▸ **SOURCE MATERIAL**:

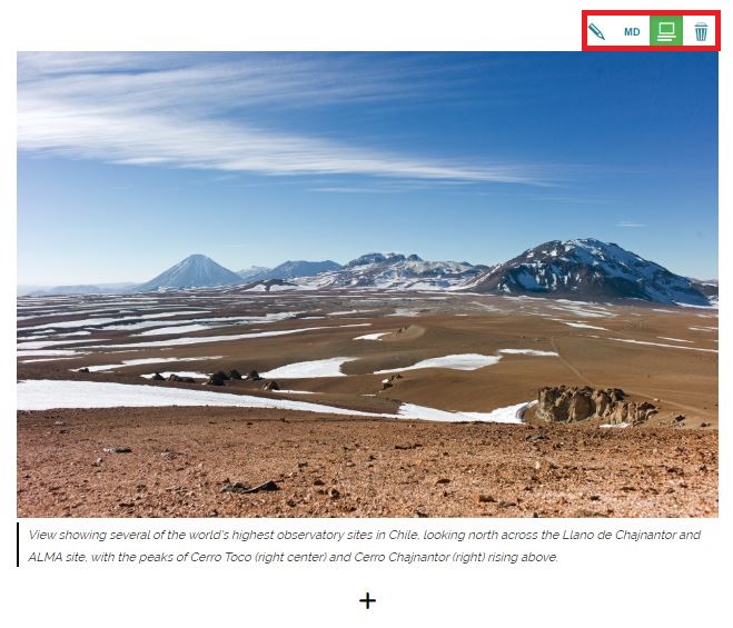 to show/hide the description under the image: this button is present only if a description has been provided for the image resource (see the Media Editor tool for example) -
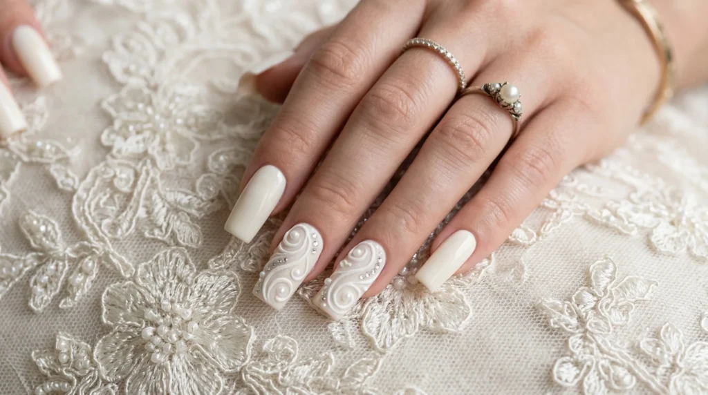 In my experience, this is the bridal nail art that gets the most compliments at the reception. Brides wearing embroidered lace or tulle gowns especially love it because the nail art quietly mirrors the texture of the dress. It’s intricate, but it’s never cluttered.
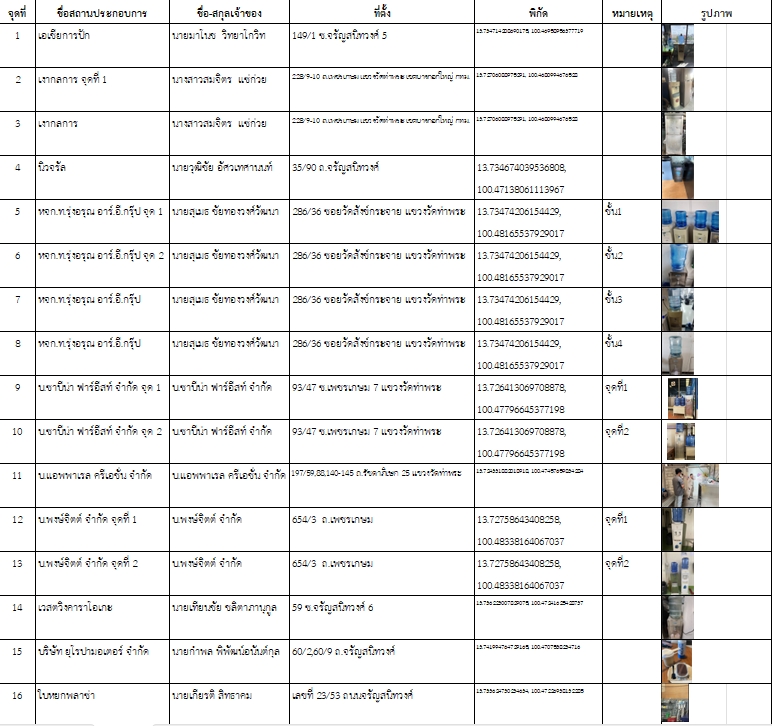 ![]() | - | จุดบริการน้ำดื่มฟรี สะอาดปลอดภัย (เอกชน) | 0.00 | 100.00 | สำนักงานเขตบางกอกใหญ่ | ฝ่ายปกครอง |
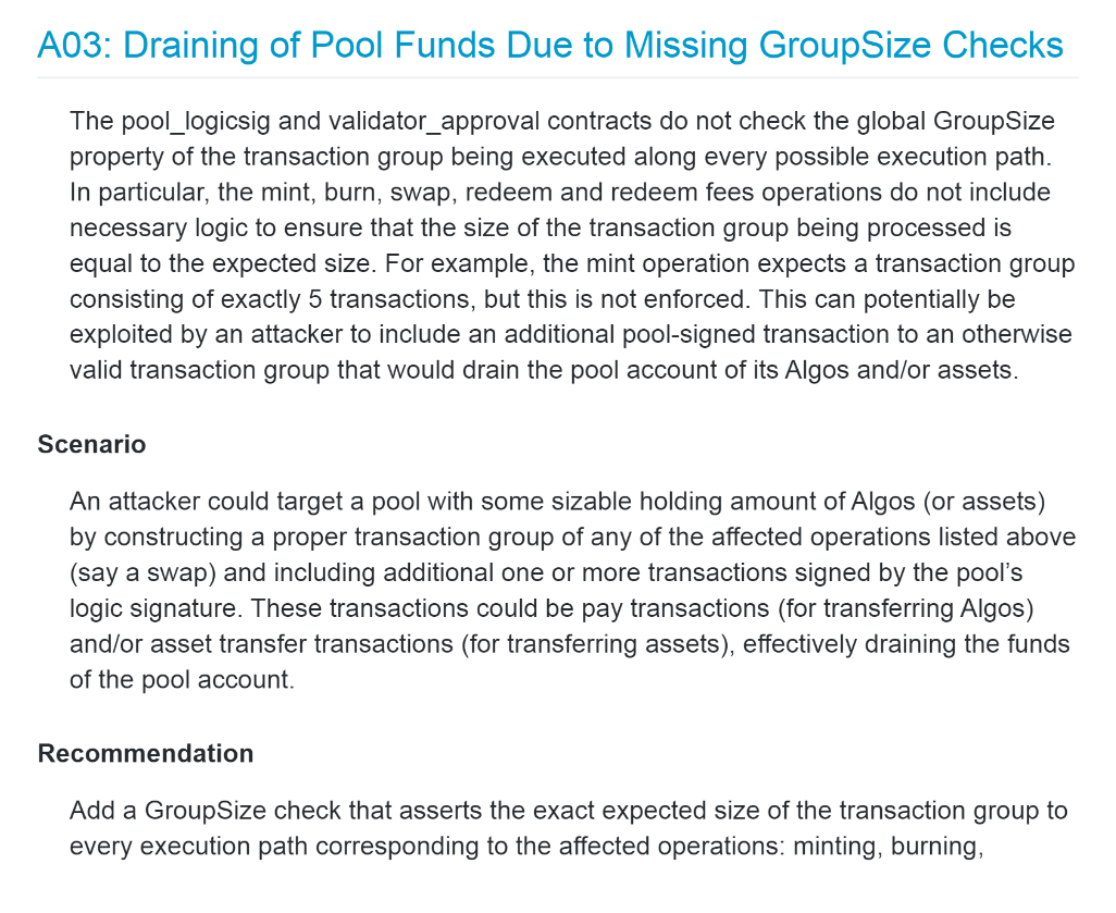 While Tinyman had previously had the contract audited, the exploit managed to fly under the radar. The audit managed to identify a different flaw during the process, which was fixed and reviewed. The audit confirmed that the previous flaw had been “fully addressed.” The previous flaw that was fixed related to a missing GroupSize check that could have allowed malicious transactions to be included in the group as explained below:
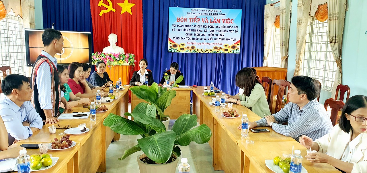 Ngày 24/11/2022 trường TH- THCS xã Đăk Ngọk đã vinh dự được đón tiếp và làm việc với Đoàn khảo sát của Hội đồng Dân tộc Quốc hội về tình hình triển khai, kết quả thực hiện một số chính sách GDĐT trên địa bàn vùng dân tộc thiểu số và miền núi tỉnh Kon Tum tại huyện Đăk Hà.
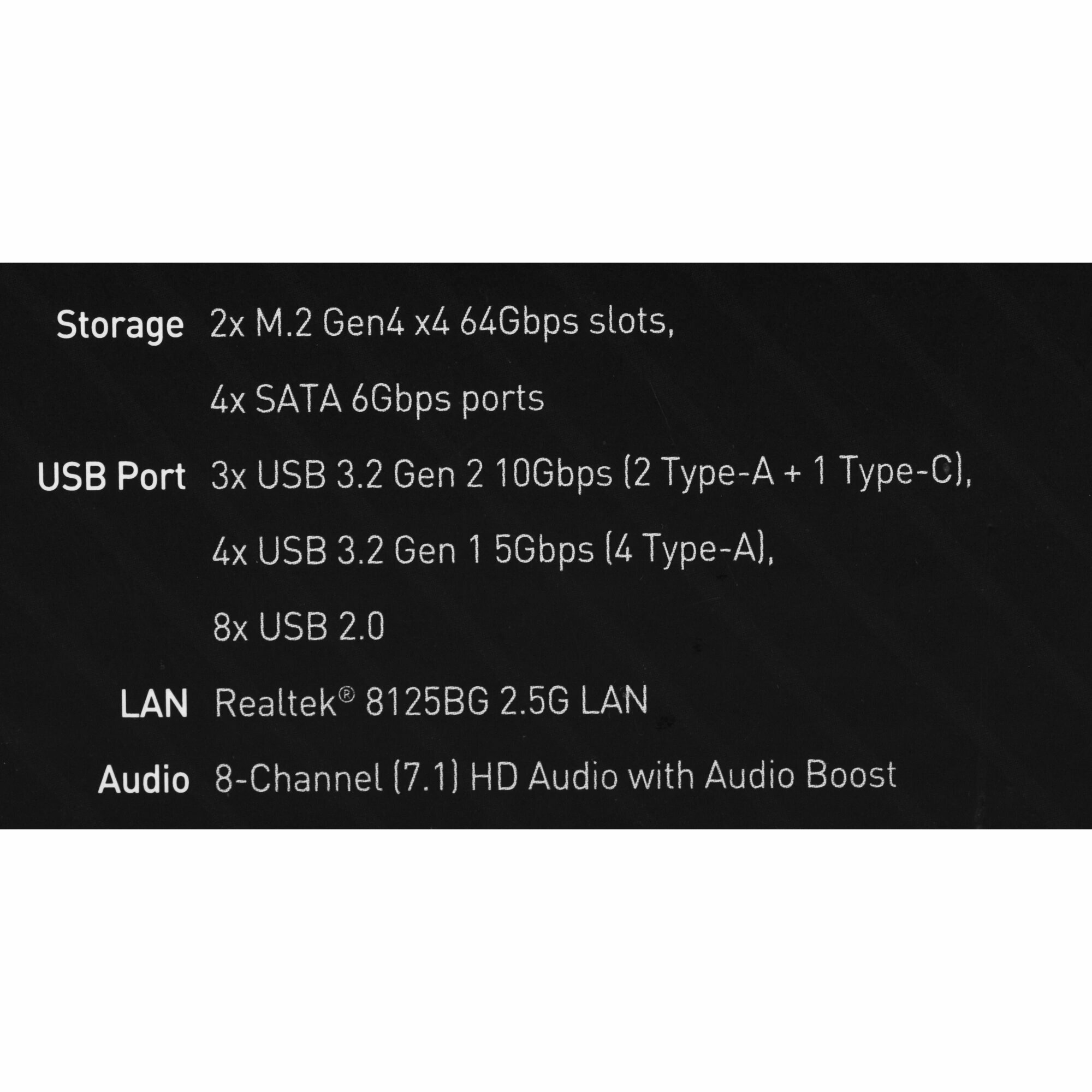 | Слоты накопителей подробно | 4 x SATA 6G, M.2 (Key M) 2260/2280 (PCIe 4.0) |
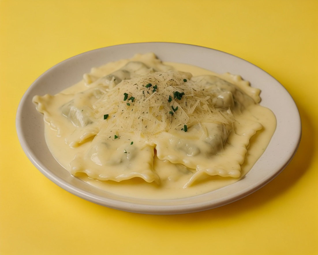 Ravioles rellenos con una exquisita mezcla de cuatro quesos seleccionados, que se funden en cada bocado para ofrecer una experiencia cremosa, intensa y llena de sabor Bañados en salsa de pomodoro. 7 PZ
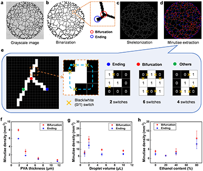 图3.PUF水印的特征点提取与分析。(a-d)水印图案中“指纹”特征点的识别示意图。(e)“指纹”特征点的识别判据。(f-h)水印图案特征点密度的调控。
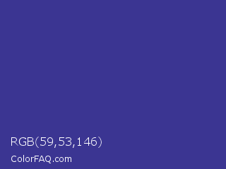 RGB 59,53,146 Color is a normal indigo color and the nearest color is Blue Pigment #333399. Hex code #3b3592 and RGB value is rgb(59,53,146). In RGB color space, this color is composed of 23% red, 21% green, 57% blue, In CMYK color space, this color is composed of 60% cyan, 64% magenta, 0% yellow , 43% black , In HSL color space, this color has a hue angle of 244° , 47% saturation and 39% lightness.
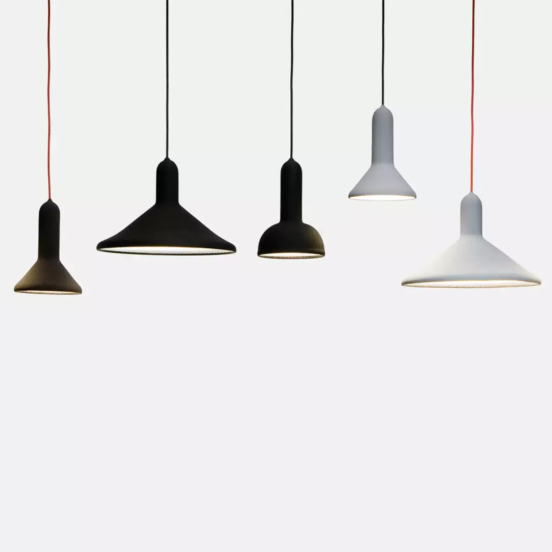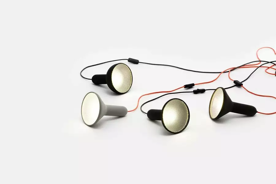 The Torch Light by Sylvain Willenz combines a tactile, PVC-dipped polymer shade with a diamond-textured diffuser – a reference to car headlights – and a brightly coloured cable, offering a wide array of colour and cluster combinations.
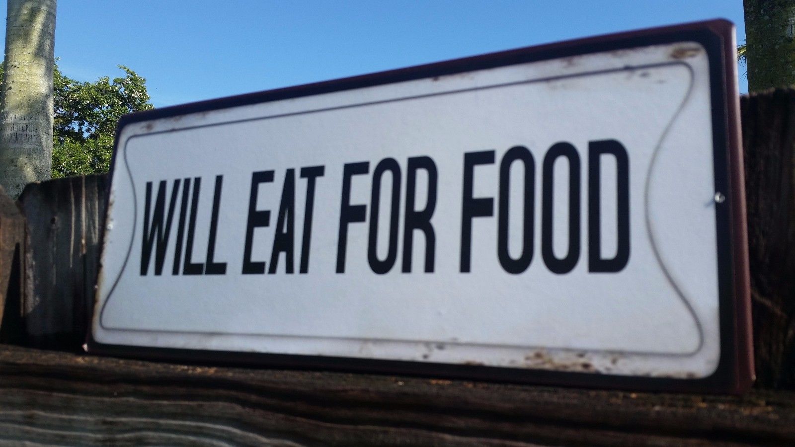 WILL EAT FOR FOOD METAL SIGN VINTAGE STYLE 12 BY 5 INCHES GAS SHOP GARAGE
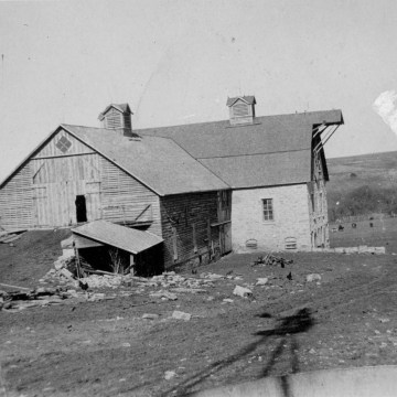 Notice in this 1921 view of the Schepp barn that there was an overhang for a hay carrier on the south roof peak.

▸ **TASK STATEMENT**: Set down the records again exactly as they appear, leaving each picture behind.

▸ **WORKED SOLUTION**:
 to show/hide the description under the image: this button is present only if a description has been provided for the image resource (see the Media Editor tool for example) -
 In my experience, this is the bridal nail art that gets the most compliments at the reception. Brides wearing embroidered lace or tulle gowns especially love it because the nail art quietly mirrors the texture of the dress. It’s intricate, but it’s never cluttered.
 ![]() | - | จุดบริการน้ำดื่มฟรี สะอาดปลอดภัย (เอกชน) | 0.00 | 100.00 | สำนักงานเขตบางกอกใหญ่ | ฝ่ายปกครอง |
 While Tinyman had previously had the contract audited, the exploit managed to fly under the radar. The audit managed to identify a different flaw during the process, which was fixed and reviewed. The audit confirmed that the previous flaw had been “fully addressed.” The previous flaw that was fixed related to a missing GroupSize check that could have allowed malicious transactions to be included in the group as explained below:
 Ngày 24/11/2022 trường TH- THCS xã Đăk Ngọk đã vinh dự được đón tiếp và làm việc với Đoàn khảo sát của Hội đồng Dân tộc Quốc hội về tình hình triển khai, kết quả thực hiện một số chính sách GDĐT trên địa bàn vùng dân tộc thiểu số và miền núi tỉnh Kon Tum tại huyện Đăk Hà.
 | Слоты накопителей подробно | 4 x SATA 6G, M.2 (Key M) 2260/2280 (PCIe 4.0) |
 Ravioles rellenos con una exquisita mezcla de cuatro quesos seleccionados, que se funden en cada bocado para ofrecer una experiencia cremosa, intensa y llena de sabor Bañados en salsa de pomodoro. 7 PZ
 图3.PUF水印的特征点提取与分析。(a-d)水印图案中“指纹”特征点的识别示意图。(e)“指纹”特征点的识别判据。(f-h)水印图案特征点密度的调控。
 RGB 59,53,146 Color is a normal indigo color and the nearest color is Blue Pigment #333399. Hex code #3b3592 and RGB value is rgb(59,53,146). In RGB color space, this color is composed of 23% red, 21% green, 57% blue, In CMYK color space, this color is composed of 60% cyan, 64% magenta, 0% yellow , 43% black , In HSL color space, this color has a hue angle of 244° , 47% saturation and 39% lightness.
 The Torch Light by Sylvain Willenz combines a tactile, PVC-dipped polymer shade with a diamond-textured diffuser – a reference to car headlights – and a brightly coloured cable, offering a wide array of colour and cluster combinations.
 WILL EAT FOR FOOD METAL SIGN VINTAGE STYLE 12 BY 5 INCHES GAS SHOP GARAGE
 Notice in this 1921 view of the Schepp barn that there was an overhang for a hay carrier on the south roof peak.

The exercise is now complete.